Fig 1. Agarose gel electrophoresis Image of HPV DNA genotyping with HPV-16 (457bp) and 18 (322bp) primers.

Fig 1

Numbers are samples ID; L is a mid-range ladder (Jena Bioscience); NC is the negative control while PC is the positive control. The sizes of the PCR products generated are 457bp for HPV-16 and 322bp for HPV-18.

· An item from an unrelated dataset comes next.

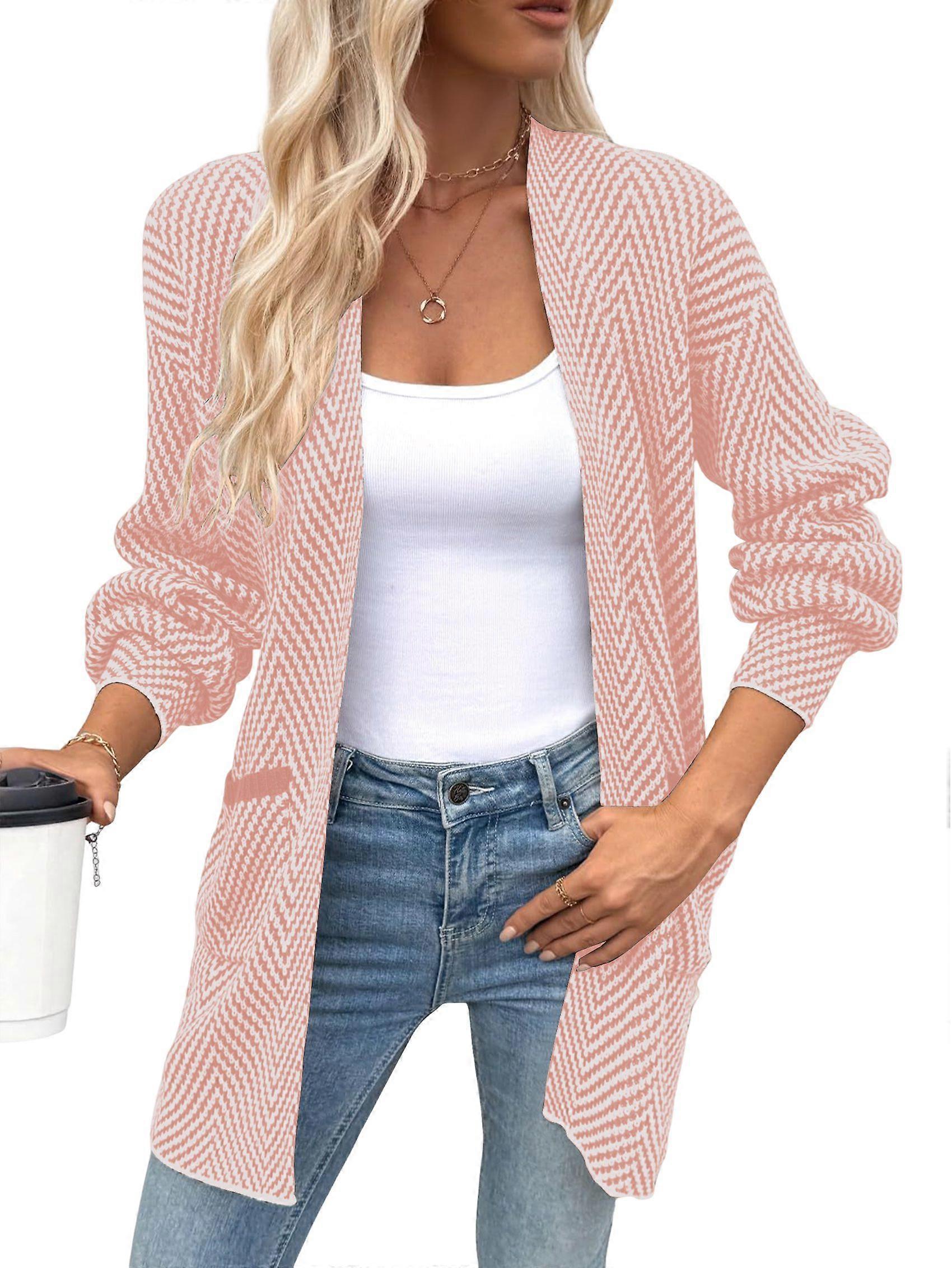 Women Fall Outfits Long Sleeve Open Front Striped Cardigan Sweaters Chunky Knit Sweaters Coat Pink XL

Fig 3. Agarose gel electrophoresis Image of HPV DNA genotyping with HPV-6 (334bp), 35 (358bp) and 33 (398bp) primers.

Fig 3

Numbers are samples positive to HPV 6, 35 and 33 as labelled; L is a mid-range ladder while NC is the negative control. The sizes of the PCR products generated are 334bp for HPV-6, 358bp for HPV-35 and 398bp for HPV-33.

Fig 2. Agarose gel electrophoresis Image of HPV DNA genotyping with HPV-31 E6/E7 primers.

Fig 2

Numbers are samples ID; L is a mid-range ladder while NC is the negative control. The size of the PCR products generated for HPV-31 is 263bp.

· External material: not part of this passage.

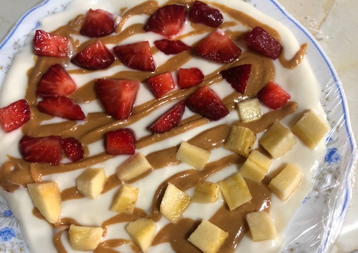 - Echamos el yogurt griego y lo expandimos con una cuchara, después le echamos la crema de cacahuete por encima.

DNA sequencing and phylogenetic analysis

Samples that were not typeable by PCR were sequenced and further analysed for genotype identification. The PCR products were purified with a commercially available PCR purification kit (Jena Bioscience, Germany) according to the manufacturer’s instructions. The sequencing was performed commercially (INQABA BIOTEC, South Africa) on ABI Prism 3130 genetic analyzer (Applied Bio Systems) using the same consensus primers used for the PCR. However, only one of the reverse primers (either GP-E7-5B or GP-E7-6B) was used together with the forward primer (GP-E6-3F) to sequence the DNA samples.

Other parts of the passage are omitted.